===== GIVEN RECORDS =====

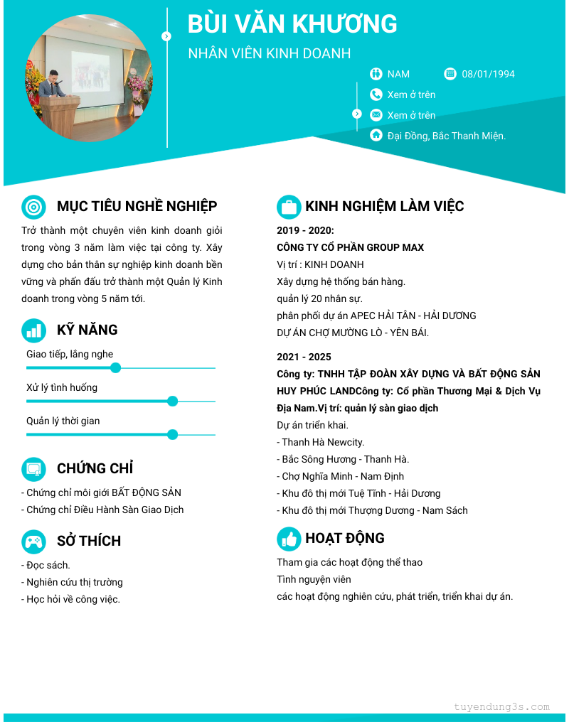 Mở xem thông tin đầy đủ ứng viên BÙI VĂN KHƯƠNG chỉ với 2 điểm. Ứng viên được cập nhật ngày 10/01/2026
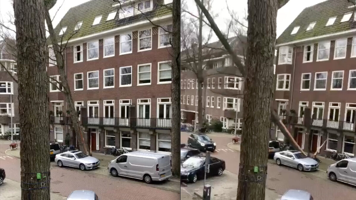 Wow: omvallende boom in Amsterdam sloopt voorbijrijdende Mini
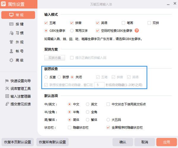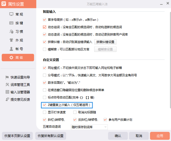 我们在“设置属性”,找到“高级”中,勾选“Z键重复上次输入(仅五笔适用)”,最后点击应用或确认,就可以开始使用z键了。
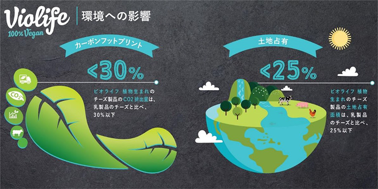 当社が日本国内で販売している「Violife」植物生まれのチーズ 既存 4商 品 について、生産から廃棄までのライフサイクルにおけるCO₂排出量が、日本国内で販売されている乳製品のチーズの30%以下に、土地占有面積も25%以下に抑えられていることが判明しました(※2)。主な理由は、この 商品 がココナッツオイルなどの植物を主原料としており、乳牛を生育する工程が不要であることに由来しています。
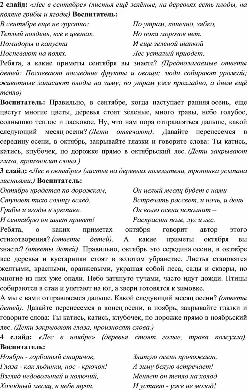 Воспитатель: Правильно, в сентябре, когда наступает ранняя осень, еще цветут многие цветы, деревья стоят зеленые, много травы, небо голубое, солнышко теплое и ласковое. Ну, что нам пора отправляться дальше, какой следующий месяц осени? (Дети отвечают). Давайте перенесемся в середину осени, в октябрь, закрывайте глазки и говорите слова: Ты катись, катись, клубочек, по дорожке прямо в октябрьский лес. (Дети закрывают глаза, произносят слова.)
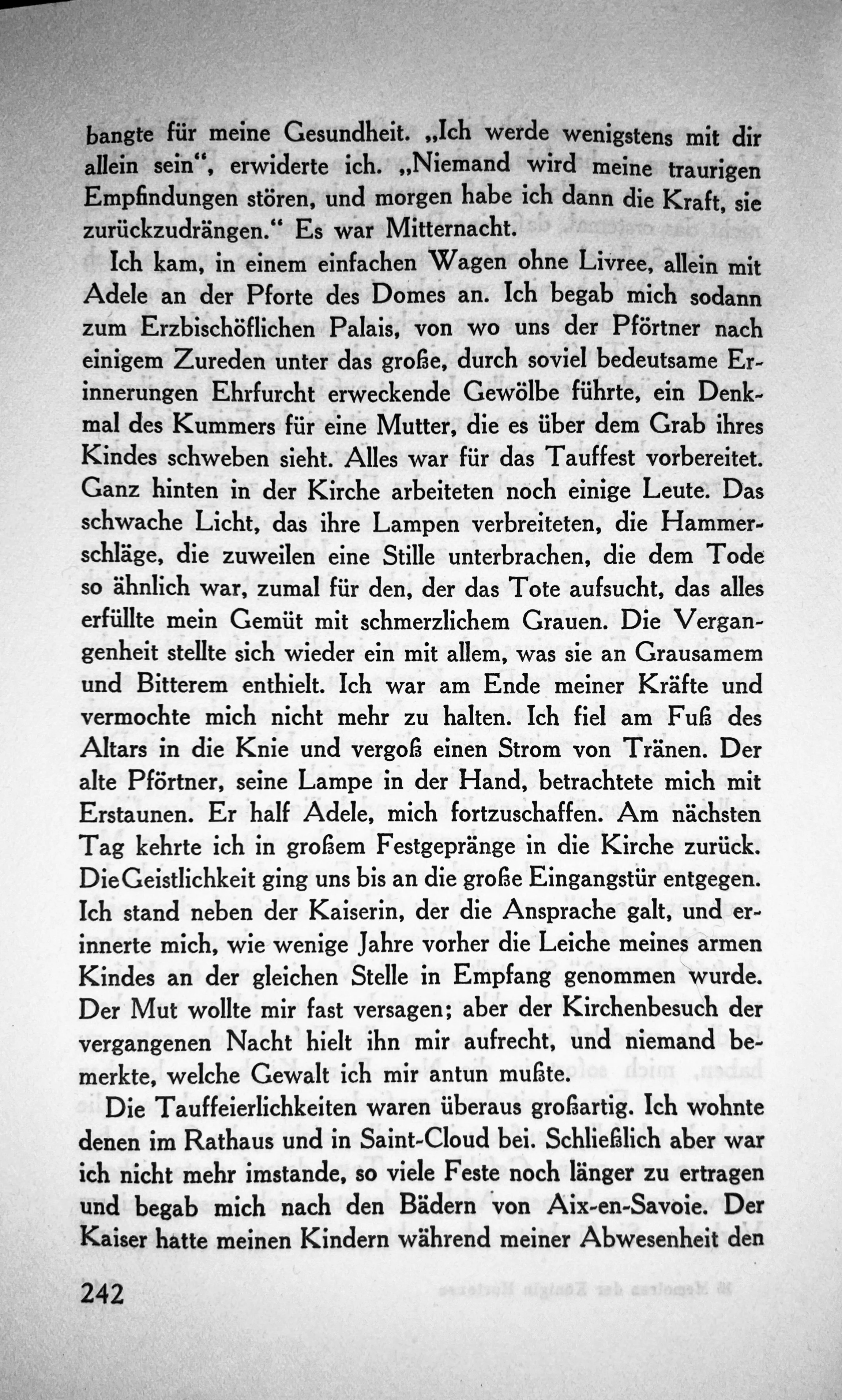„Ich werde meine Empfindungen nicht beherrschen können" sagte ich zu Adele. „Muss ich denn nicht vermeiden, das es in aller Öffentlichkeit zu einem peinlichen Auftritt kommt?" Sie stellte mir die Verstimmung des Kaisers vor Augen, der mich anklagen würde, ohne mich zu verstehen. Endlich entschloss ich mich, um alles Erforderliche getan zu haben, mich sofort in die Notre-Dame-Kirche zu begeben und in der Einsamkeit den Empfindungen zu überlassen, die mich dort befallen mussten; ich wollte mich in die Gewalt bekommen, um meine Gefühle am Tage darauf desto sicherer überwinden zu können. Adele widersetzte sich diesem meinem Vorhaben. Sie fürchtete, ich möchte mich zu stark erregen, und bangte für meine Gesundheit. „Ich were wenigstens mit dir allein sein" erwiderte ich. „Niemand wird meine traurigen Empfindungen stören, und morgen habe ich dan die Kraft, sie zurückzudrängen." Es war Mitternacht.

=====

Only the lines from the start of the records to the one containing "当社が日本国内で販売している「Violife」植物生まれのチーズ 既存 4商" should be repeated, exactly and with both ends kept; drop any pictures.

■ **TASK ANSWER**:
 Mở xem thông tin đầy đủ ứng viên BÙI VĂN KHƯƠNG chỉ với 2 điểm. Ứng viên được cập nhật ngày 10/01/2026
 Wow: omvallende boom in Amsterdam sloopt voorbijrijdende Mini
 我们在“设置属性”,找到“高级”中,勾选“Z键重复上次输入(仅五笔适用)”,最后点击应用或确认,就可以开始使用z键了。
 当社が日本国内で販売している「Violife」植物生まれのチーズ 既存 4商 品 について、生産から廃棄までのライフサイクルにおけるCO₂排出量が、日本国内で販売されている乳製品のチーズの30%以下に、土地占有面積も25%以下に抑えられていることが判明しました(※2)。主な理由は、この 商品 がココナッツオイルなどの植物を主原料としており、乳牛を生育する工程が不要であることに由来しています。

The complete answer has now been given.